Document Type : Original Article

Authors

1 Private Practice, Tehran, Iran.

2 Dept. of Operative, Shahed Dental School, Shahed University, Tehran, Iran.

3 Dept. of Traditional Medicine, Tehran University of Medical Sciences, Tehran, Iran.

Abstract

Statement of the Problem: Although sumac extract (SE) is reported as a collagen cross linker, the available data regarding its effect on the dentine micro-hardness is quite sparse.
Purpose: Therefore, the aim of this study includes evaluating the effect of different concentrations of SE on dentine micro-hardness comparing to grape seed extract (GSE).
Materials and Method: In this experimental study, the GSE was purchased from available market and convert to 5% solution. Meanwhile the 5, 10, and 20% of SE solutions were prepared experimentally. The base line micro-hardness of 60 samples (30 premolars divided to buccal and lingual segments) was recorded triplicate for each specimen and they were randomly divided into 5 groups (four abovementioned experimental solutions and de-ionized water as negative control). For 35 consecutive days, each sample was twice pH cycled and treated by solutions. Ultimately, the final micro-hardness was recorded triplicate again for each sample and the numerical data was compared with each other using one-way ANOVA and Tukey HSD Post Hoc tests (α=0.05).     
Results: The mean±SD values of micro-hardness for the groups was recorded as 54.45± 13.4, 65.65±18.5, 39.57±2.26, 41.13±1.66 and 43.79±4.96 at base line and 10.4±0.99, 11.85± 0.75, 10.16±1.84, 8.48±1.16 and 6.31±1.01 at final stage for control, GSE 5%, SE 5%, SE 10% and SE 20% respectively. There was no significant difference among the micro-hardness of the groups before treatment (p= 0.369). However, after experimental treatment, there was significant difference between the groups (p= 0.024) while in pairwise comparison just two groups (GSE 5% and SE 20%) had significant difference with each other (p= 0.017).
Conclusion: The efficacy of SE was reversely related to its concentration. Moreover, neither GSE nor SE had significant effect on dentine micro-hardness after 35 day pH cycling.

Highlights

Faeze Hamze Google Scholar

Keywords

Introduction

Bio-modification of dentine for improving dentine adhesion has been extensively surveyed and many research have been conducted to reach long survival for resin-infiltrated dentine over time [ 1 - 2 ].

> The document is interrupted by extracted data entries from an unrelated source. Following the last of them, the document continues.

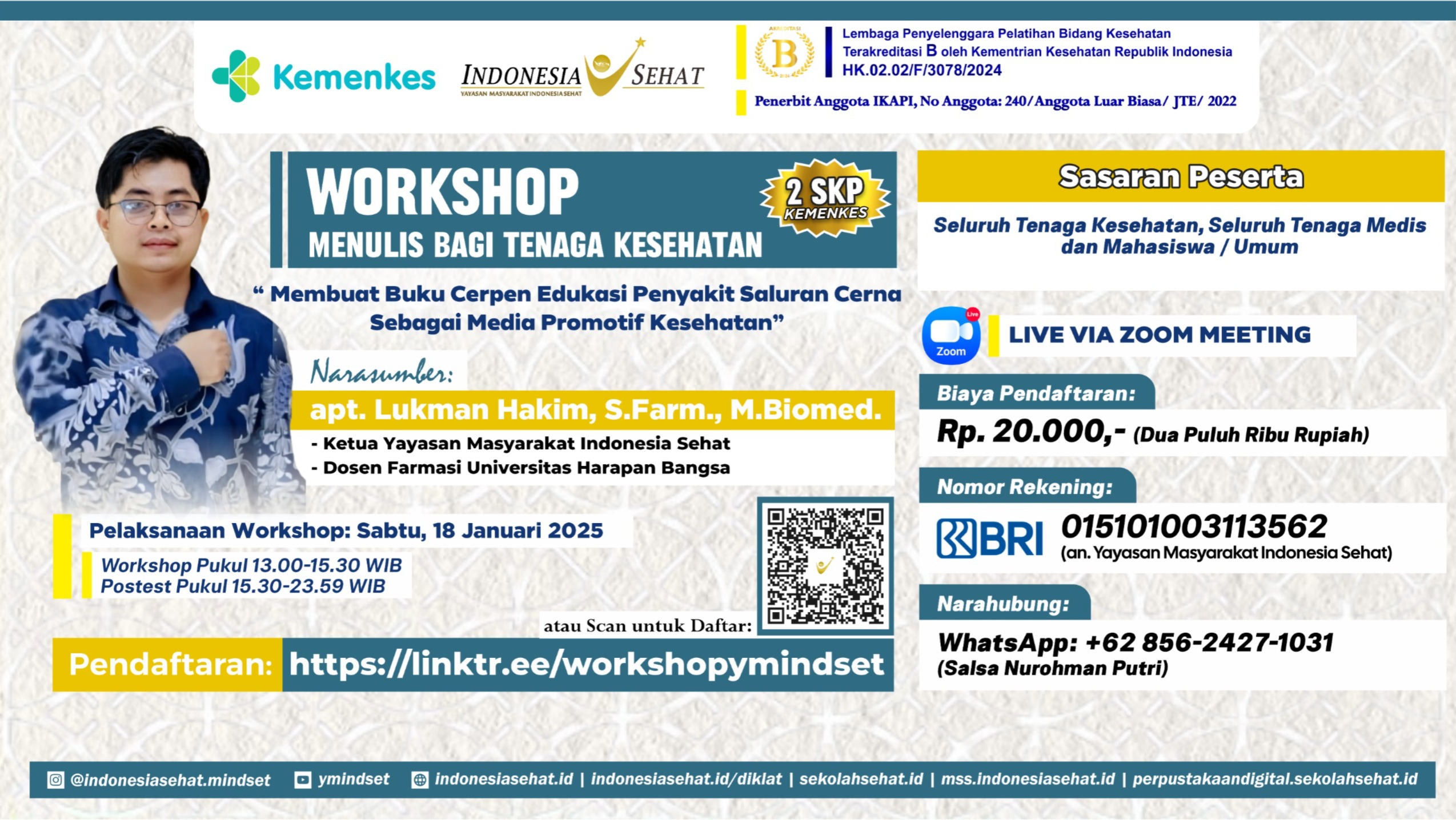 Read MoreWorkshop Menulis bagi Tenaga Kesehatan: Mengemas Media Promotif Kesehatan Anak-Anak dalam Cerita Fabel 2 SKP Kemenkes Narasumber:apt. Lukman Hakim, S.Farm., M.Biomed.(Ketua Yayasan Masyarakat Indonesia Sehat) Pelaksanaan: Rabu, 4 Desember 2024Workshop Pukul 13.00-16.00 WIBPostest Pukul 16.00-23.59 WIB Sasaran PesertaSeluruh Tenaga Kesehatan, Tenaga Medis dan Non Tenaga Kesehatan (Mahasiswa) Via Zoom Meeting dan Youtube Biaya Pendaftaran: Rp.…
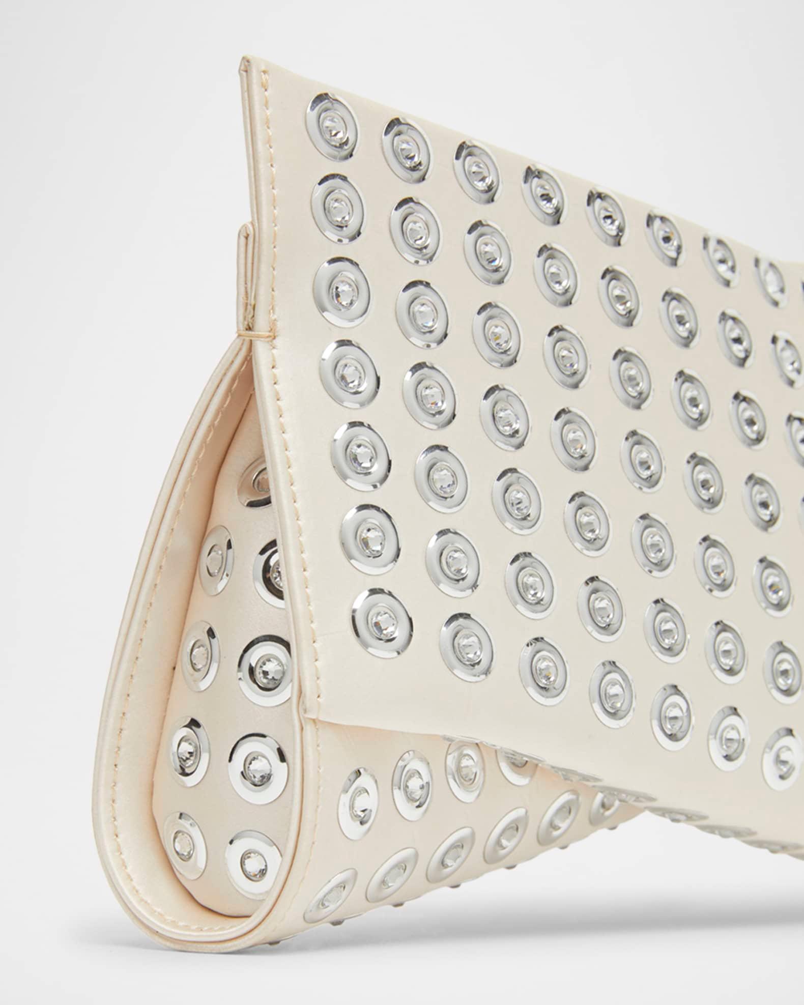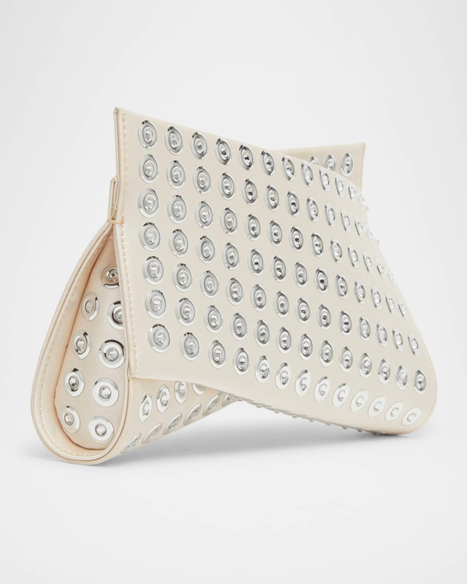 Christian Louboutin "Loubitwist" crepe satin clutch bag with boum mirror embellishment Detachable shoulder strap Can be worn as a clutch or shoulder bag Zip top closure Signature red lining Approx. 5.7"H x 10.2"W x 1.9"D Silk Made in Italy
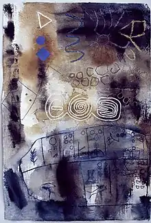 Lloyd Jones's work is greatly inspired by the landscape in which she grew up, a prominent feature of which is the scarred landscape associated with a legacy of lead mining. This sense of place is further augmented by her own Welsh-language cultural inheritance. Ann Price-Owen has referred to her work as that of a custodian of her cultural heritage, which is implicitly language-based.[5] Experiences outside Wales have also provided key stages in her work's development. An interest in early alphabets was precipitated by a visit to Ilkley Moor to view cup and ring marks.[6] Incorporation of such marks into the work led to an identification with the 18th-century Welsh bard, scholar and antiquarian Iolo Morganwg, who created his own bardic alphabet, "Coelbren". She regards the use of scripts such as the ancient ogham script in her work as an oblique reference to the otherness of Welshness. Iwan Bala argues that these works demand some form of contextualising, revealing the artist's concerns and her position within her own culture.[7] In the Summer of 2009 Ruthin Craft Centre showed Lloyd Jones's early textile work, which led to a re-evaluation of this work by a new audience.[8] A second show in 2013 was reviewed in the magazine Embroidery.[9] In February 2013 she was awarded the first Artist Residency at the Old College, Aberystwyth University, and moved into a new studio there.[10] Some of her paintings are in the public collections of the National Library of Wales, Amgueddfa Cymru – Museum Wales and Cardiff University.
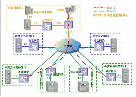 采用原有的會(huì)議電話架構(gòu),只是話音的長(zhǎng)途連接由模擬專線等改為IP傳輸。方案由于采用原有電話會(huì)議匯接機(jī),保護(hù)了用戶的原有投資。缺點(diǎn)是在召開多級(jí)會(huì)議電話時(shí),由于語(yǔ)音信號(hào)首先在召集單位語(yǔ)音網(wǎng)關(guān)進(jìn)行壓縮,經(jīng)IP傳輸后,在二級(jí)單位語(yǔ)音網(wǎng)關(guān)解壓縮還原為模擬話音,再經(jīng)二級(jí)單位的語(yǔ)音網(wǎng)關(guān)二次壓縮,經(jīng)IP網(wǎng)傳輸后,在三級(jí)單位的語(yǔ)音網(wǎng)關(guān)上二次解壓縮,導(dǎo)致語(yǔ)音信號(hào)多次壓縮/還原,對(duì)語(yǔ)音質(zhì)量損傷較大。
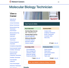 This page from Bio-Link's career website features information about the different jobs and opportunities in the molecular biology technician career area. This page includes a brief description of molecular biology technicians. Common tasks, education and training requirements, related biotechnology...
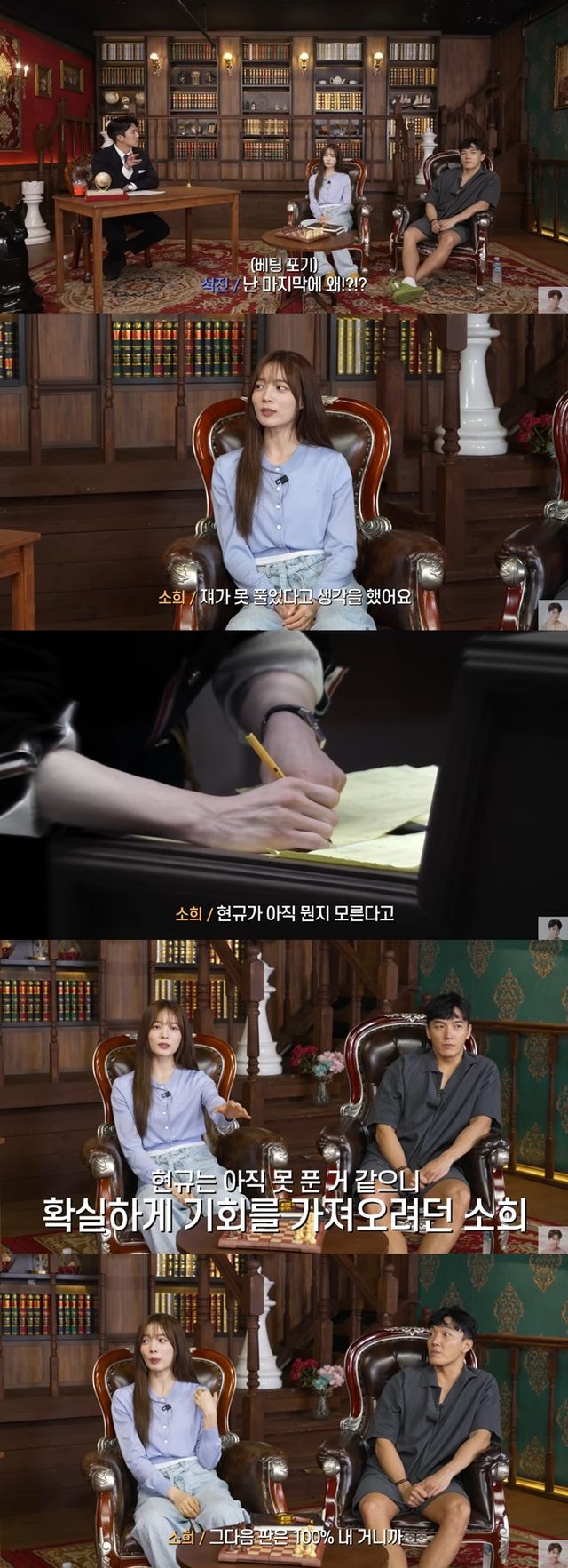이에 윤소희는 "제가 못 풀었다고 생각했다. 그리고 현규가 답이 뭔지 모른다고 생각했다. 앞에서 계속 계산을 하고 있더라"고 솔직히 고백했다.

Collagen cross linkers are now widely used in modern dentistry due to their beneficial effect on dentine-adhesive interface [ 3 - 4 ]. In fact, these agents could enhance the intra- and inter-molecular cross-links of collagen by promoting the hydrogen and/or covalent bonds [ 5 - 8 ]. These crossover bonds can prevent the long rod-like helical collagen from passing through each other under mechanical stress, which lead to more stiffness of dentine substrate [ 2 , 5 - 8 ]. Moreover, some of them would also inhibit the hazardous endogen enzymes such as matrix metalloproteinase (MMP) [ 9 - 10 ].

Several collagen cross linkers are introduced in literatures among which the synthetic gluteraldehyde is the most famous one [ 11 - 12 ]. Meanwhile, its application has been limited due to its cytotoxicity [ 1 ].

However, in recent years, incorporation of natural products as collagen cross linkers was widely investigated and their positive effect has been frequently reported [ 13 - 16 ]. Since natural extracts are often economic and safe, they are very favorable [ 17 - 18 ].

Among these natural gifts, the proanthocyanidin, which could be derived from different herbs, has been repeatedly documented as an effective natural collagen cross linker [ 19 - 21 ]. Grape seed extract (GSE) is one of the main sources enriched in proanthocyanidin. Therefore, the GSE has been vastly incorporated as dentine bio-modifiers for either collagen cross-linking or MMP inhibition [ 2 , 4 , 22 - 23 ].

Sumac is another helpful natural product. This plant grows mostly wild in the Mediterranean to the Middle East region [ 4 ] and it is considered as a quite strong antioxidant agent [ 24 ]. In addition, sumac has been introduced as a rich source of hydrolyzable tannins, a polyphenol compound that has the potency of cross linker agent [ 25 ].

The cross linkage of dentine collagen would enhance its mechanical properties [ 26 ], which could be manifested as increasing the micro-hardness. Actually, since the caries progress would lead to decreasing the micro hardness of dentine due to softening of collagen substrate, its enhancement could be beneficial [ 27 ]. Accordingly, some investigators reported that the GSE could increase the dentine micro hardness and their microscopic finding has confirmed their results [ 27 - 28 ].

Previous studies incorporated the micro-hardness test as an indicator for the efficacy of collagen cross-linkers in dentine [ 29 ]. However, the available data comparing the effect of sumac and grape seed on the micro-hardness of dentine is quite sparse. Therefore, the aim of this study includes evaluating the effect of different concentrations of sumac on dentine micro-hardness comparing to proanthocyanidin extracted from the grape seed.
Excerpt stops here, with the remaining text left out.